Data entries

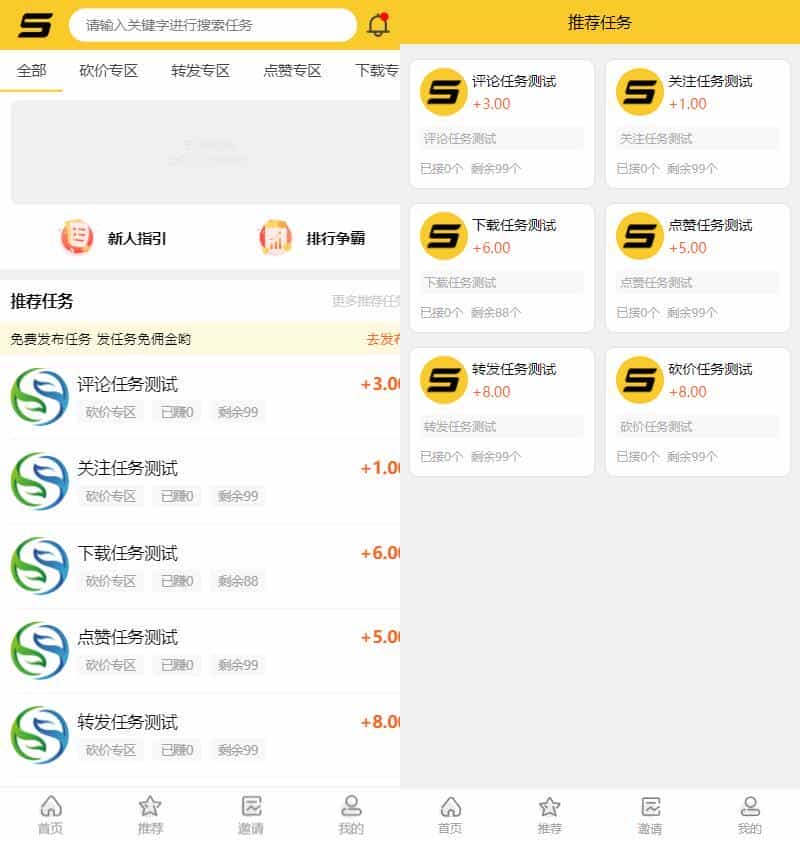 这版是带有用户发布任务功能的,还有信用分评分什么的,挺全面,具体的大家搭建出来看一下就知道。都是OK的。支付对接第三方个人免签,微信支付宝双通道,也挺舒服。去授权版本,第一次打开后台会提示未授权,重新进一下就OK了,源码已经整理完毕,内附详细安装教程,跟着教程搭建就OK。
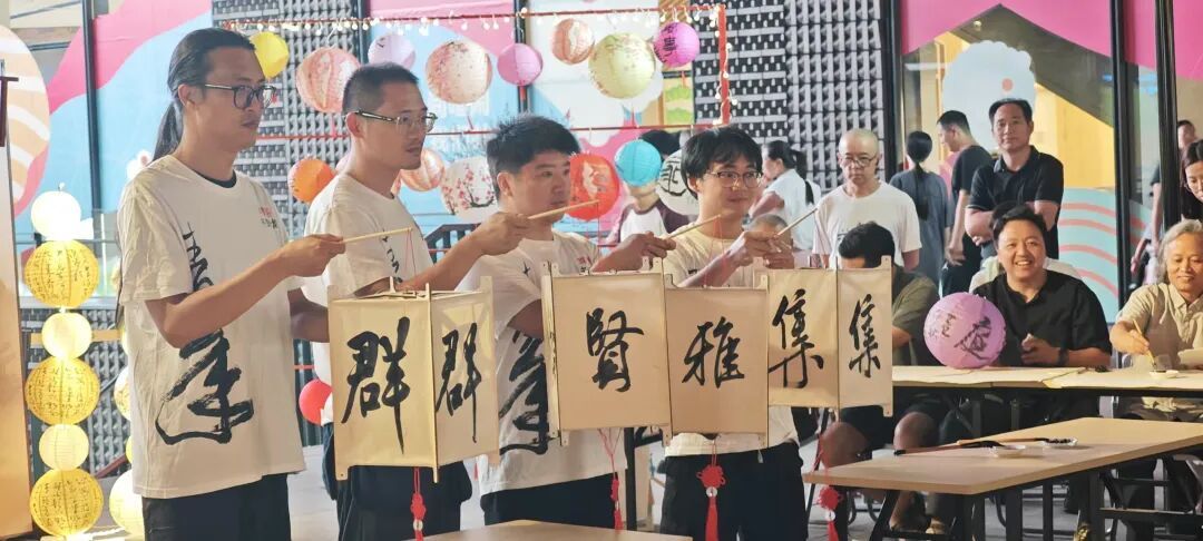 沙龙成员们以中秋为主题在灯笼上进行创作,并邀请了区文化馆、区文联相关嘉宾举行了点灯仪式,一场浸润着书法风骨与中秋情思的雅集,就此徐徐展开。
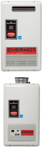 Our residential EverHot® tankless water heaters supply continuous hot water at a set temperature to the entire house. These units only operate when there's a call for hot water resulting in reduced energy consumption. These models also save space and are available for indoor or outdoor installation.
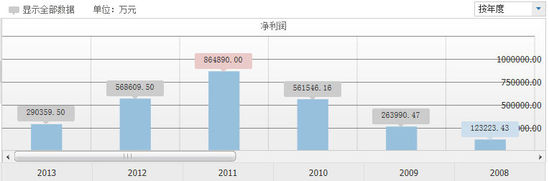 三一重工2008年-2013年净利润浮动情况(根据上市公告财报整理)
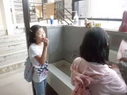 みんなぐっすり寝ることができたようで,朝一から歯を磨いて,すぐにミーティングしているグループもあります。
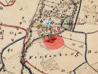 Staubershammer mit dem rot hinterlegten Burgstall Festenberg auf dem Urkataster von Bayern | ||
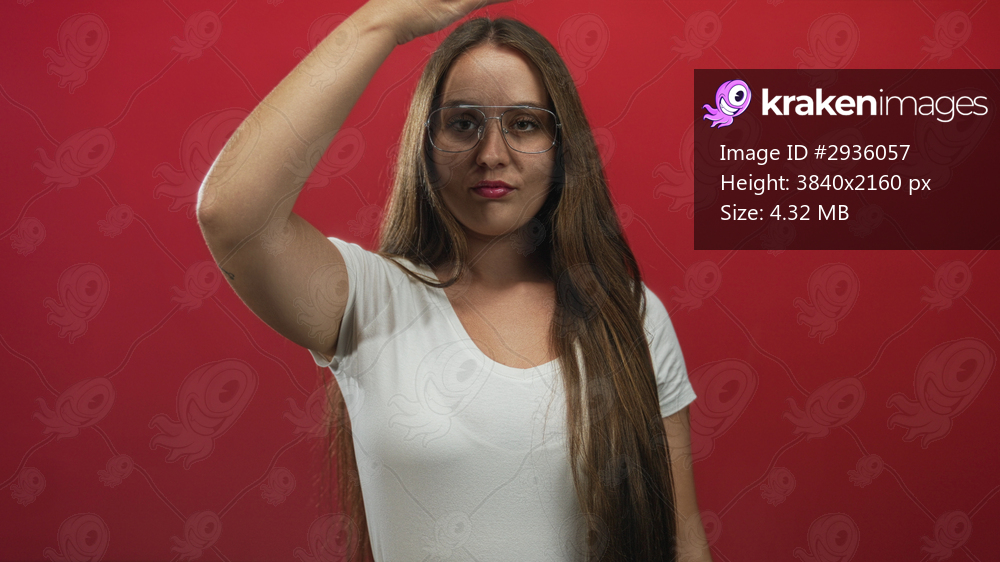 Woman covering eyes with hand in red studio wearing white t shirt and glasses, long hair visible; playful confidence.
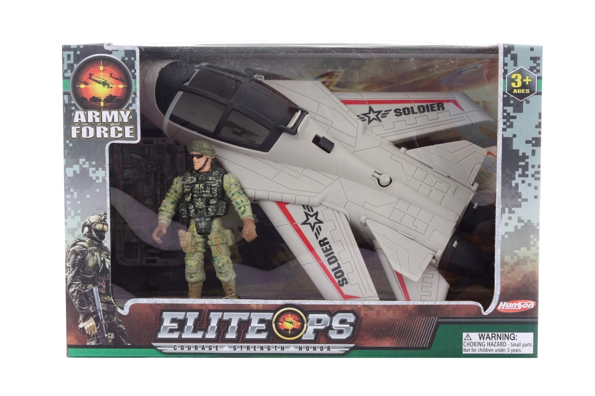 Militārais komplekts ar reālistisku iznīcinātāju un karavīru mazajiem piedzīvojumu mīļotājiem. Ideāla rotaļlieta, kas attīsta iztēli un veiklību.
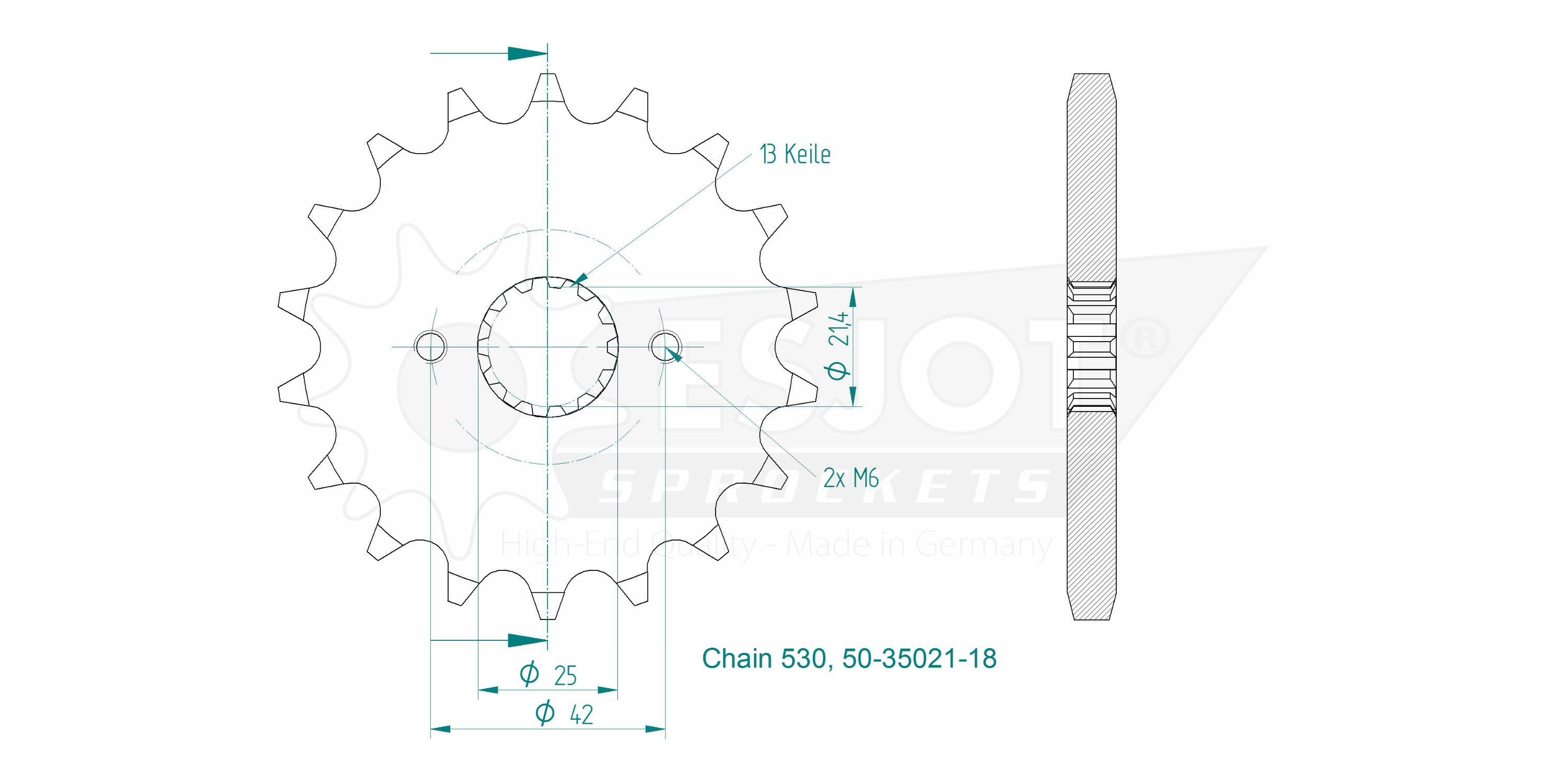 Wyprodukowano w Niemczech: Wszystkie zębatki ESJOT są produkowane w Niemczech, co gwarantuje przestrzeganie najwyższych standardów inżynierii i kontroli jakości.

## Task details
Each line above should be written out again exactly, without any image.

## Reply to the task
 这版是带有用户发布任务功能的,还有信用分评分什么的,挺全面,具体的大家搭建出来看一下就知道。都是OK的。支付对接第三方个人免签,微信支付宝双通道,也挺舒服。去授权版本,第一次打开后台会提示未授权,重新进一下就OK了,源码已经整理完毕,内附详细安装教程,跟着教程搭建就OK。
 沙龙成员们以中秋为主题在灯笼上进行创作,并邀请了区文化馆、区文联相关嘉宾举行了点灯仪式,一场浸润着书法风骨与中秋情思的雅集,就此徐徐展开。
 Our residential EverHot® tankless water heaters supply continuous hot water at a set temperature to the entire house. These units only operate when there's a call for hot water resulting in reduced energy consumption. These models also save space and are available for indoor or outdoor installation.
 三一重工2008年-2013年净利润浮动情况(根据上市公告财报整理)
 みんなぐっすり寝ることができたようで,朝一から歯を磨いて,すぐにミーティングしているグループもあります。
 Staubershammer mit dem rot hinterlegten Burgstall Festenberg auf dem Urkataster von Bayern | ||
 Woman covering eyes with hand in red studio wearing white t shirt and glasses, long hair visible; playful confidence.
 Militārais komplekts ar reālistisku iznīcinātāju un karavīru mazajiem piedzīvojumu mīļotājiem. Ideāla rotaļlieta, kas attīsta iztēli un veiklību.
 Wyprodukowano w Niemczech: Wszystkie zębatki ESJOT są produkowane w Niemczech, co gwarantuje przestrzeganie najwyższych standardów inżynierii i kontroli jakości.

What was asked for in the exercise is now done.